Regardless, the Ohio Attorney General does not have the authority to make judgments regarding TPS,” spokeswoman Bethany McCorkle said in an email. “Therefore, the letter does not call for the immediate abolition of any nation’s designation.

“The letter requests that the Secretary review country conditions and issue his assessment of the countries’ status which have been described as “temporary”.[ily]”protected for years, sometimes decades, based on the same island events,” she added. “If conditions in a given country are currently unsafe based on new/current factors that would meet the high bar established by Congress for TPS, the Secretary would have the discretion to grant TPS on that basis.”

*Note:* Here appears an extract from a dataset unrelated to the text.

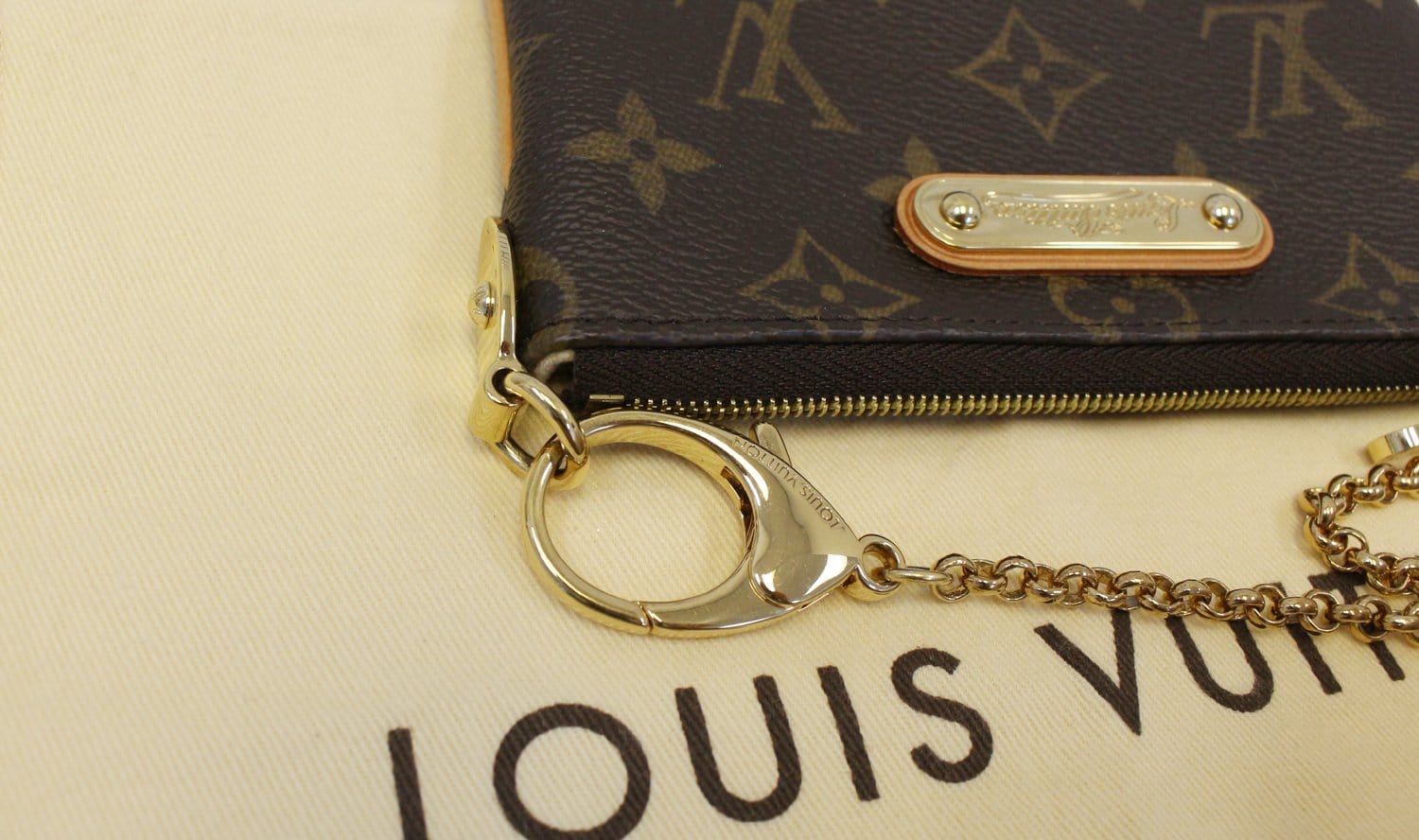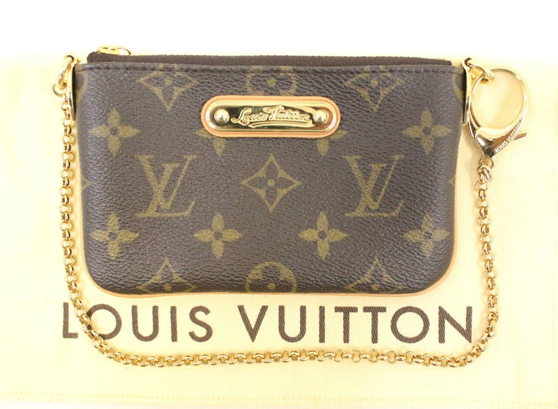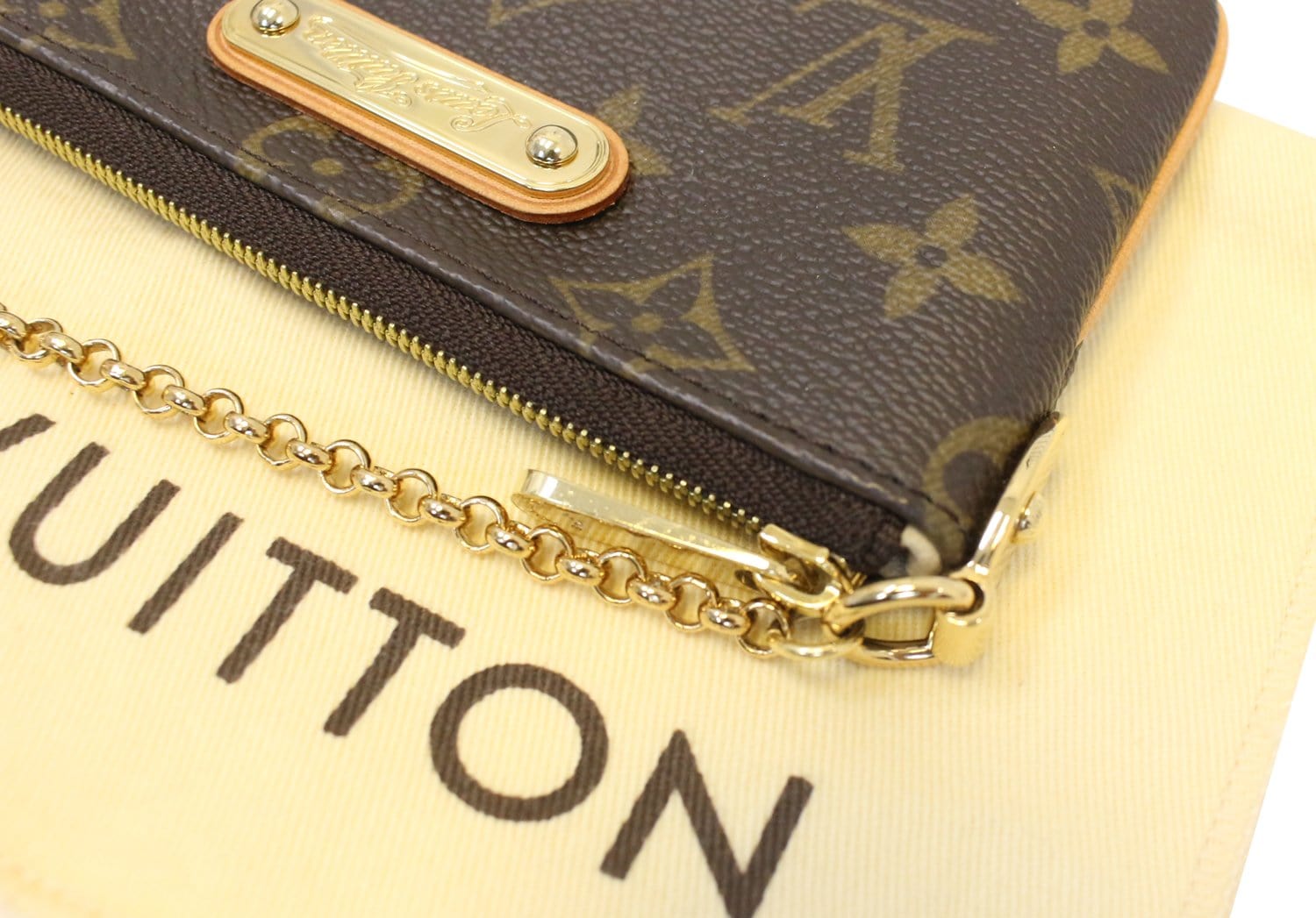 Louis Vuitton Monogram Canvas Milla Clutch PM Bag is ideal for holding your cards or smart phone essentials in a fun and elegant manner. It features leather corner detailing and an elegant chain strap.

Call for an administration led by A a strongly anti-immigration president review and possible denial of protected status to immigrants could not agree with public opinion. A December poll sponsored by the National Immigration Forum and the Bulfinch group found that 73% of Americans agreed that immigration policy should protect the persecuted and keep families intact.

Tramonte of the Ohio Immigrant Alliance, stated that the real purpose of the letter was to divert public attention from the real cause of suffering for many Americans.

“It’s making headlines, it’s getting recognition from the people they’re trying to rile up,” she said. “They are trying to distract from their larger agenda, which is to give corporations more tax breaks and help the rich while average people have to work multiple jobs to pay their rent.”